Looked over my posts and I haven't mentioned PAs at all, but regardless, I know what you mean. I think the PA model is excellent and support it wholeheartedly. If I had to choose, I would quickly pick multiple PAs in an MD team to help fill the healthcare gap vs. filling it in with NPs/DNPs.
To the independent practice of D/NPs, I agree that they would obviously be limited in diagnosis making capacity. It's why I said I would be wary of having them see every patient that comes in from the ED. Now for a patient who's been diagnosed with HTN, is started on medications, etc and needs routine follow-up, I think they that would be a good role for follow-up.

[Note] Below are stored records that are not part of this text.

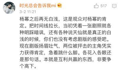 面对刘亦菲粉丝的不满,杨幂粉丝这边也有话说:当初凭着一张剧照就说“天仙”是真正的白浅时,有没有考虑剧版感受?现在两位主角扬眉吐气了,急跳什么脚?
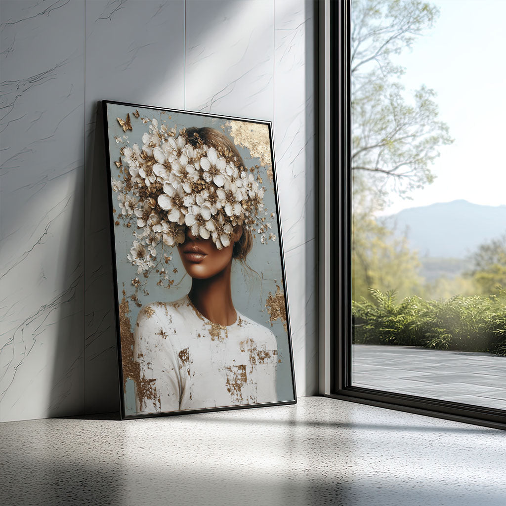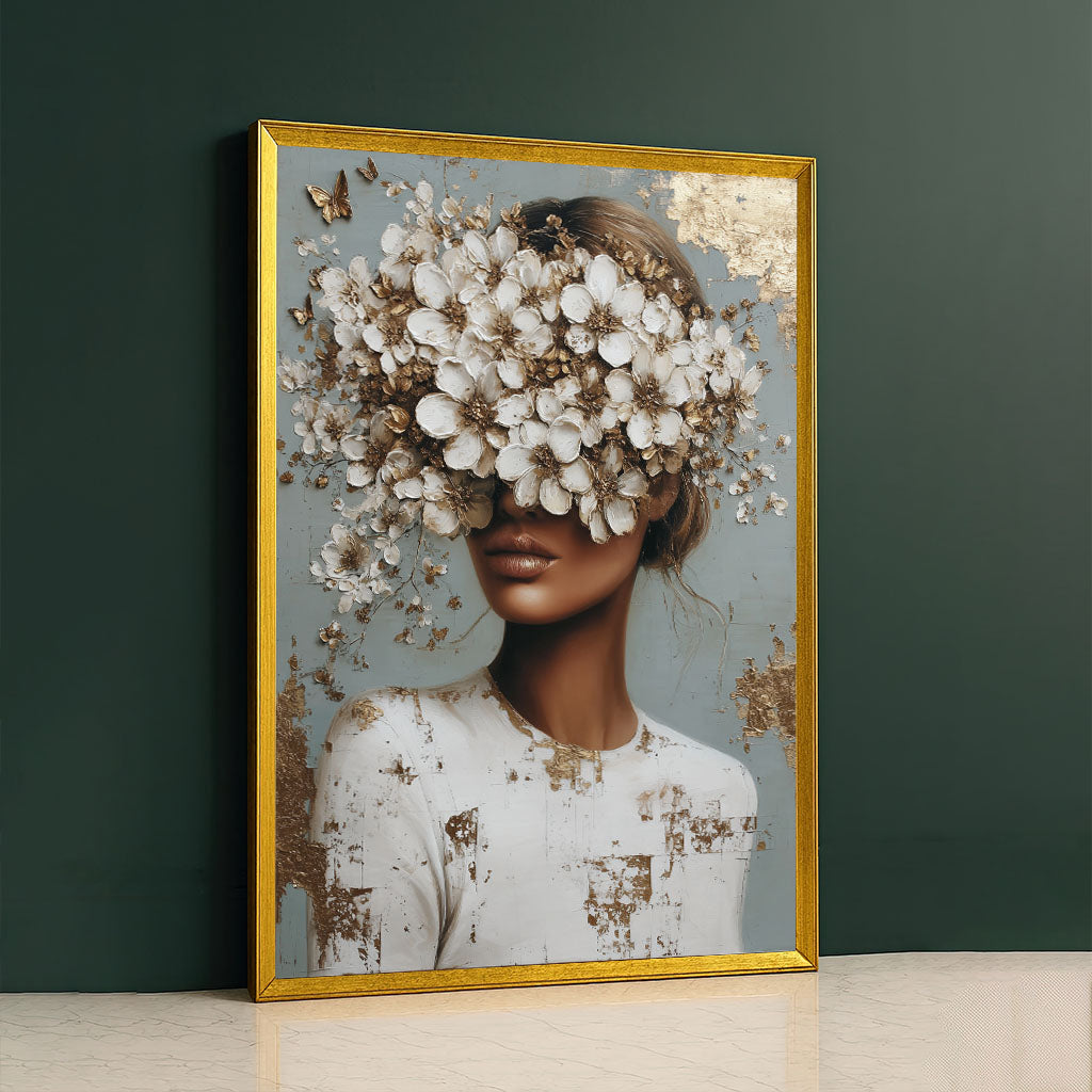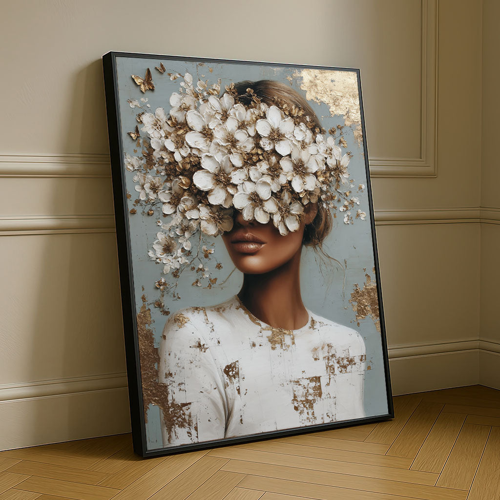 Elegant Woman With Floral Headpiece Canvas Wall Art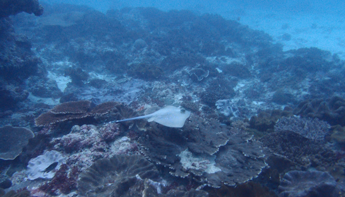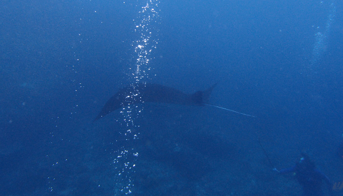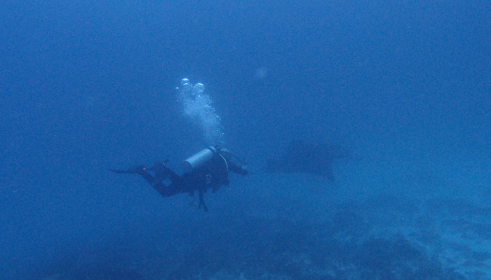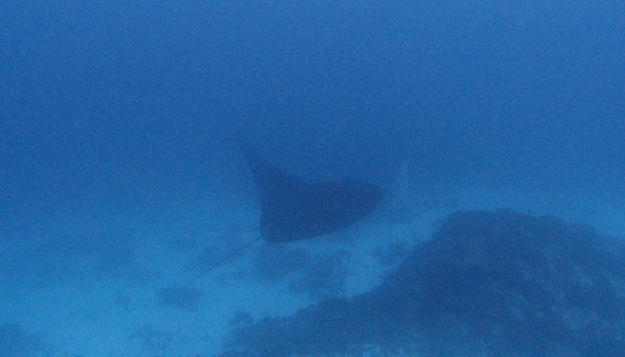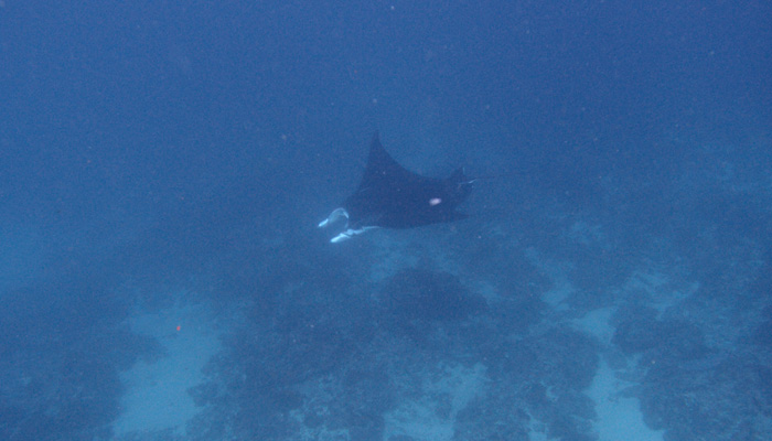 体制を整えるのにアタフタしていたら・・・インストラクターのアリスンが目の前を指さした。その先には黒い影が。なんと、マンタが!しかし、透明度がそんなにないこの海でしかも、結構距離があるため、黒い影としてしか存在を確認できない。近づこうにも、オイラのダイビングテクニックが不足しているため、近づけない。そうこうしているうちに、そのマンタは去って行ってしまった。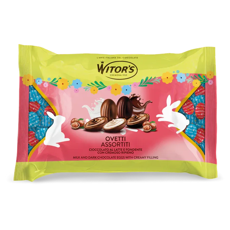 PRALINE DI CIOCCOLATO AL LATTE CON CREMOSO RIPIENO. Ingredienti: zucchero, grassi vegetali (cocco, palmisti, palma – in proporzione variabile), pasta di cacao, latte intero in polvere, burro di cacao, siero di latte in polvere, lattosio, cacao magro in polvere, nocciole (0,4%), emulsionante: lecitina di soia, aromi. CACAO NON UE. Può contenere tracce di altra frutta a guscio, uova e glutine. CONSERVARE IN LUOGO FRESCO E ASCIUTTO.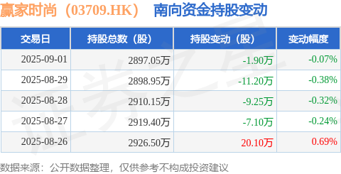 证券之星消息,9月1日南向资金减持1.9万股赢家时尚(03709.HK)。近5个交易日中,获南向资金减持的有4天,累计净减持9.35万股。近20个交易日中,获南向资金减持的有16天,累计净减持46.2万股。截至目前,南向资金持有赢家时尚(03709.HK)2897.05万股,占公司已发行普通股的4.11%。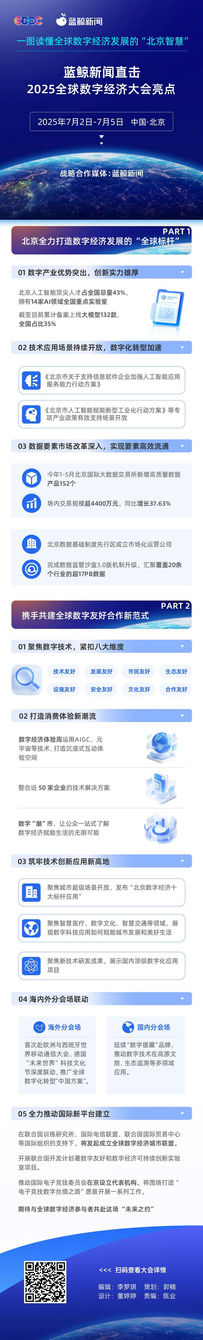 蓝鲸新闻受邀为此次大会战略合作媒体,并梳理了2025全球数字经济大会的亮点,一图呈现全球数字经济发展的"北京智慧":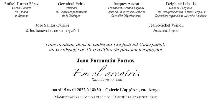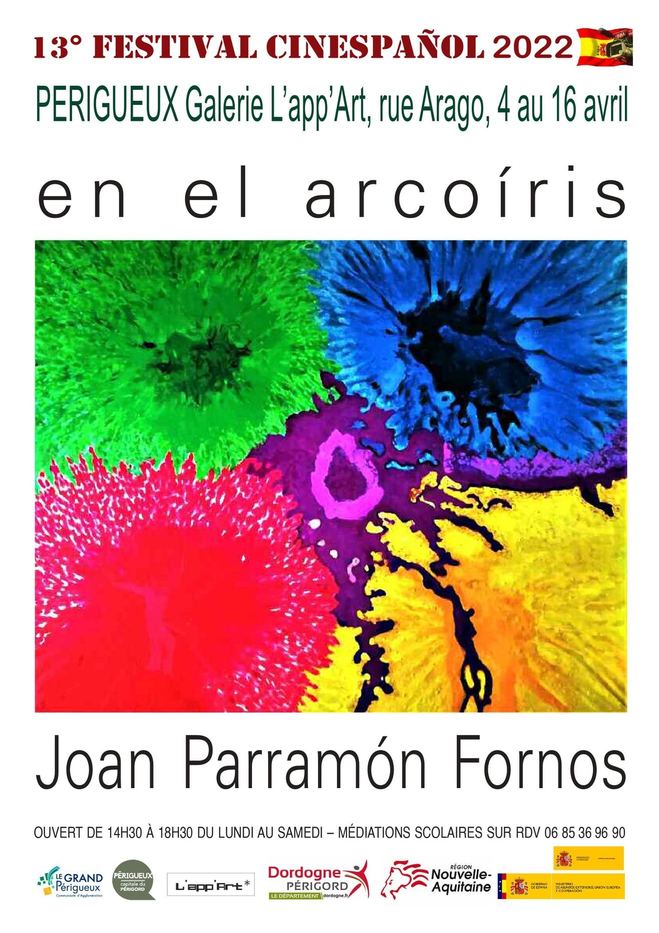 France. Perigueux. Galerie l’APP Art. Avril 2022, Joan Parramón. En el ArcoIris/Dans L’Arc-en-Ciel. L’artiste barcelonais entame une valse d’abstractions lumineuses, suite logique de ses précédentes recherches sur la transcription abstraite de ses éblouissances solaires.

To Zenman, I fully trust that you are excellent in what you do. However, your individual experience is not representative of the whole population. Moreover, outpatient psychiatry tends to be one of the more algorithmic fields, where you have a DSM checklist to guide you and the opportunities for acute travesty are minimal and in such cases (suicide or homicide being the most imminent dangers in psychiatry, and antipsychotic med adverse effects I am sure you are well aware of and can manage) the guidelines are more straightforward. If you feel comfortable practicing independently in a consult-liason service managing neuroleptic malignant syndrome and other acute problems, then I would be very impressed. It is very likely that you are as good as anyone else at dx'ing and treating psychiatric conditions; education is what you put into it, afterall. Now, should you also be as comfortable treating a pneumothorax? Probably not. But I would also argue that any psychiatrist out of medical school likely has forgotten to do so as well! What I'm trying to say is, that because of your years of specialty training I trust you are performing superiorly and, like your boss, I wouldn't mind patients calling you doc. Afterall, in the truest sense of the word, doctor means teacher, and this is what you are to them. The issue is with newly minted D/NPs who have a sense of entitlement for the title, but do not posses any of the relevant experience or training; whereas their trust in you is well-founded given your experience, the title may inspire confidence in patients for fresh-faced D/NPs that deters them from a healthy dose of skepticism that should be encouraged in all patients in order for them to receive the best care.
If a patient wants to go ahead and call someone doctor, by all means they should go for it and no one should stop them. However, I would say that this should be their choice. I think that rule is good for MDs, DNPs, PhDs. Hours of course work should not beget the respect of a patient in clinic, but you should strive to earn it continually. I get incredibly frustrated when I hear people correcting patients to call them 'doctor' from all levels.